Suicide is linked to mental disorders, particularly depression and alcohol use disorders, and the strongest risk factor for suicide is a previous suicide attempt. Knowing the risk factors and recognizing the warning signs for suicide can help prevent suicide. In 2022 in the U.S., more than 49,000 people died by suicide and an there were an estimated 1.7 million people attempted suicide (2021) according to the Centers for Disease Control and Prevention (CDC).

  • South Carolina’s Suicide Prevention Coalition brings together suicide prevention leaders from state agencies, mental health nonprofit organizations, and justice systems.
  • Beyond crisis intervention, it is a valuable resource for concerned friends and family members, and professionals in therapy, social work and education.
  • Firearms are the most common method of suicide (used in about half of all suicides).
  • For more ideas on how to use these resources, visit our help page.
  • They’re different from crisis lines or hotlines, which are more focused on keeping you safe in the moment and getting you connected to crisis resources as quickly as possible.

Helping the Suicidal Person: Tips and Techniques for Professionals

suicide prevention resources

This is one death by suicide every 11 minutes.1  Men were more than three times more likely than women to take their lives.

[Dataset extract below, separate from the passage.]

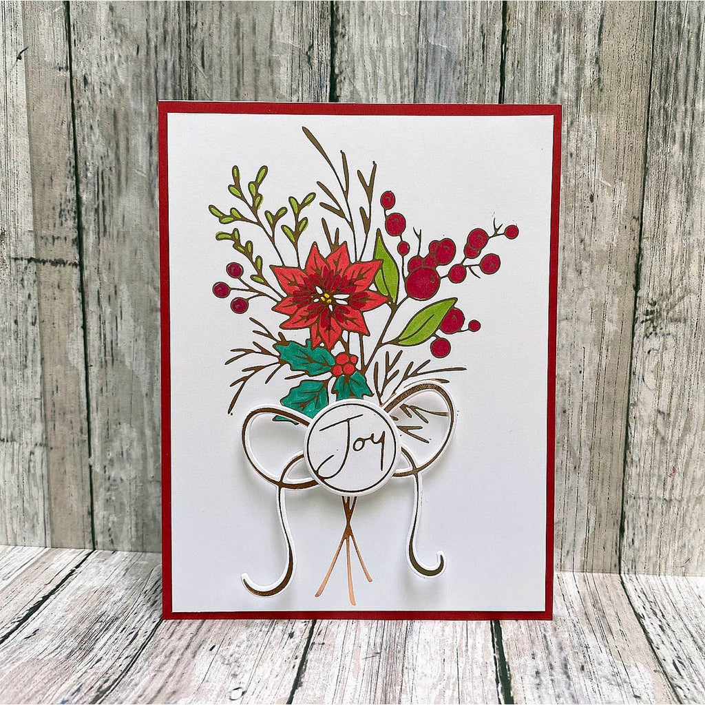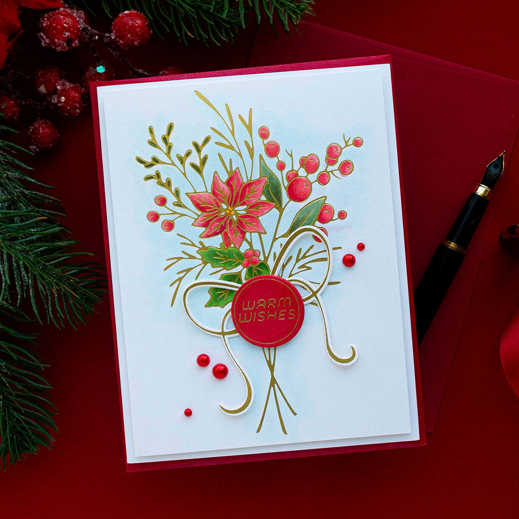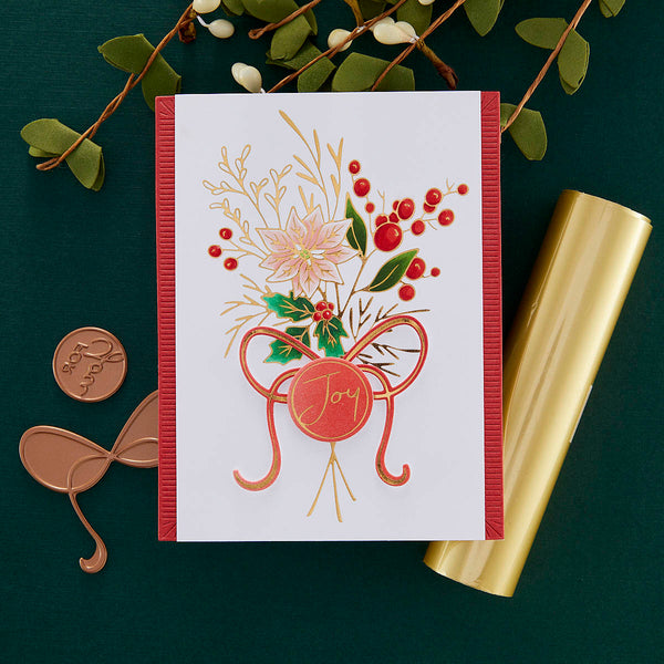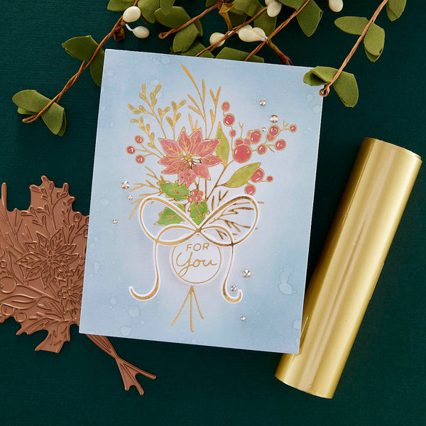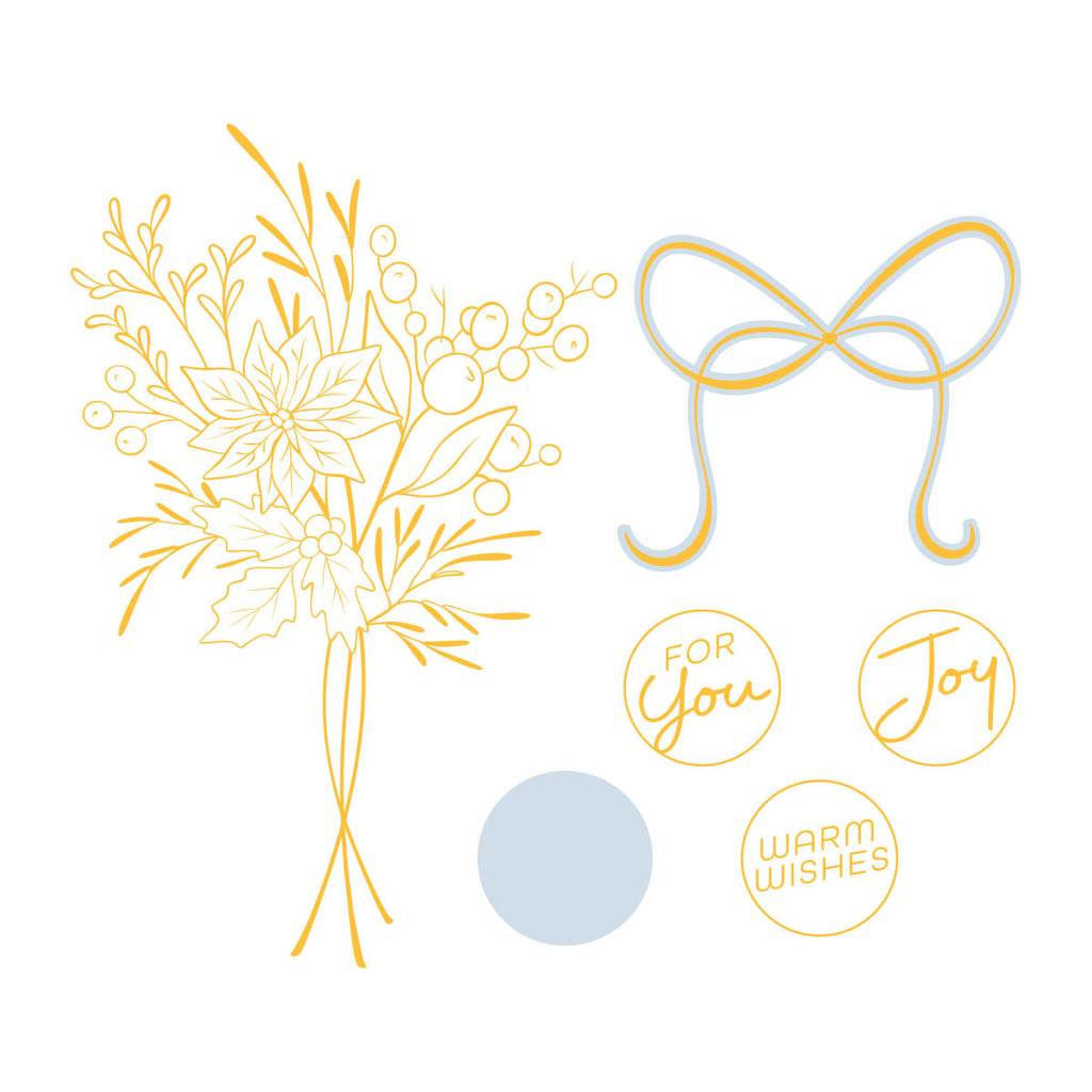 Bouquet Full of Joy - Glimmer Hot Foil of the Month (Plates & Dies Only). Has three Glimmer foil plates and two dies. Released October 2023 to our Glimmer Hot Foil Kit of the Month Club, it is a wonderful addition to your glimmer collection. Perfect for creating stunning holiday themed cards. Glimmer Hot Foil Plates are designed to be used with the Spellbinders Glimmer Hot Foil System (or other compatible hot foil system). Depending on its design, some plates may be used for letterpress and embossing.

The highest rate of suicide occurs in persons Astrology influencer murder-suicide and mental health 75 years of age or older. It is the second leading cause of death for people aged 10 to 34. Compassionate support is out there, and reaching out can make all the difference.

suicide prevention resources

In 2018, Virginia passed House Bill No. 569, which appointed the Virginia Department of Behavioral Health and Development Services (DBHDS) as the state’s lead agency for suicide prevention. In 2017, Indiana passed House Enrollment Act (HEA) 1430, which mandated the creation of a statewide suicide prevention program in the Indiana Division of Mental Health and Addiction (DMHA). Over time, limited and sometimes unreliable funding sources made it difficult to create suicide prevention efforts that were sustainable, appropriately scaled, and capable of affecting suicide rates. OSPF uses funding streams from federal, state, and foundation grants, as well as other private funding, to support the entire continuum of suicide prevention, from upstream prevention to postvention.